OP: The Stag Cook Book and Favorite Recipes of Famous Women (2 vols)
These two volumes fall into the category of celebrity recipe anthologies that anticipated interest purely for the name-dropping within.
The Stag Cook Book (1922) stands out with contributors that are still recognizable and notable 100 years later. We could call out John Philip Sousa’s pelotas a la Portuguese; John Harvey Kellog’s macaroni with cheese—containing cottage cheese, boiled eggs, and no bechamel to speak of; Houdini’s deviled eggs; or Charlie Chaplin’s steak and kidney pie, the procedure for which will certainly raise an eyebrow or two.
The contributors to Favorite Recipes of Famous Women (1925), unfortunately, are largely identified by their husband’s names and often more reliant on his notoriety than their own: Mrs. [Cristina] Henry Ford offers a winter strawberry shortcake; Mrs. [Mina Miller] Thomas Edison—further reduced to “wife of electrical genius”—contributes a cheese soufflé; Mrs. Edna Woolman Chase (bearing her own name!), then editor of Vogue, presents a cranberry pie; and Mrs. [Grace] Calvin Coolidge offers a pineapple salad.
What tickles us about the two books, and why we are offering them together, is that the latter was written, apparently, in retaliation to the former—perhaps an early example of trolling for those sociologists keeping score. The dedication page in Stag petulantly states:
“Dedicated to that great host of bachelors and benedicts alike who have at one time or another tried to ‘cook something’; and who, in the attempt, have weakened under a fire of feminine raillery and sarcasm, only to spoil what, under more favorable circumstances, would have proved a chef-d’oeuvre.”
As some of our samples might suggest, these men, left to their own devices, did not always produce dazzling results.

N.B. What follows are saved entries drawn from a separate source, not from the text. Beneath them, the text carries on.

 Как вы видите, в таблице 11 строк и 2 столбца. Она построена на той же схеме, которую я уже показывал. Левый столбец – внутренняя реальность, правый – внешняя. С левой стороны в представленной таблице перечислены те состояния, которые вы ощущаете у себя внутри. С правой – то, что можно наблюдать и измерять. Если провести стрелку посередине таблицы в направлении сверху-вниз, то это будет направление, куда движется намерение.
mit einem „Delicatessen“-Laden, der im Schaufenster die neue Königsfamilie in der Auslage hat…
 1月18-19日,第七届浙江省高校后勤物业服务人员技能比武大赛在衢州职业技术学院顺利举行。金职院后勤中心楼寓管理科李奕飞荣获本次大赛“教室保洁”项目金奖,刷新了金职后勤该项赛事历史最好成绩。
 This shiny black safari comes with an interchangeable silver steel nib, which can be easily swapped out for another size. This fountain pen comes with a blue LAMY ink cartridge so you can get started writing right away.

Journalist and historian Florence Stratton’s foreword to Famous Recipes begins, “I am going to be frank with you…I purchased a cook book, and took it home…It was the assembled recipes of noted men of this country. I took the compiled ignorance of the intellectuals of America and went singing to my kitchen to indulge my gustatory proclivities…”

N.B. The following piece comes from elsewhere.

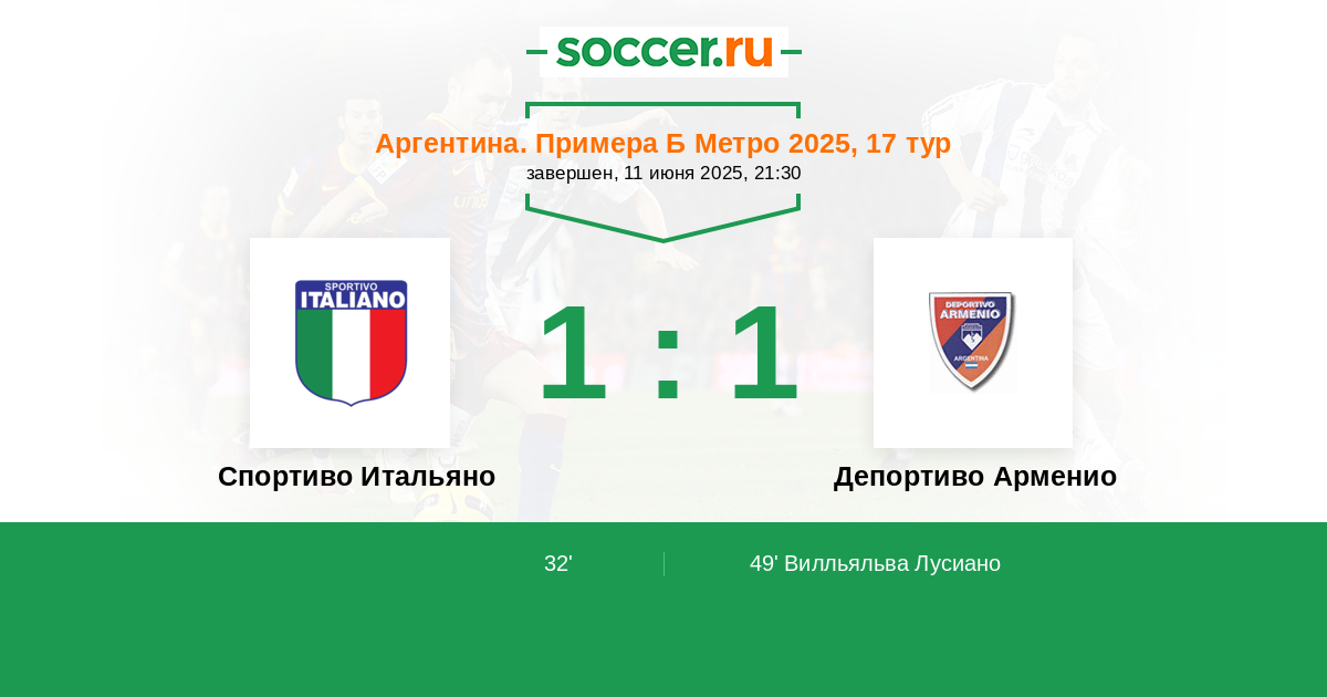 | Аргентина. Примера С Метро | 2 | 0 | 1 | 1 |

What follows is a tongue-in-cheek description of Stratton’s attempt at executing silent film actor Thomas H. Ince’s recipe for halibut in Stag, which proved to be so inedible that she fed it to the dog for whom she gave a “military funeral” the next day as a result.We might have more success cooking from Favorite Recipes, but we simply delight in the pettiness we find between the two. Our copies of both are Very Good first printings, sans dust jackets. We have had the endpapers replaced in Stag to secure the binding, and the mustard yellow case is slightly discolored and stained with a rubbed spine. There is a penciled gift inscription and ownership blind stamp to the original front endpaper. Favorite Recipes shows age stains but is otherwise sturdy and crisp. Good fun.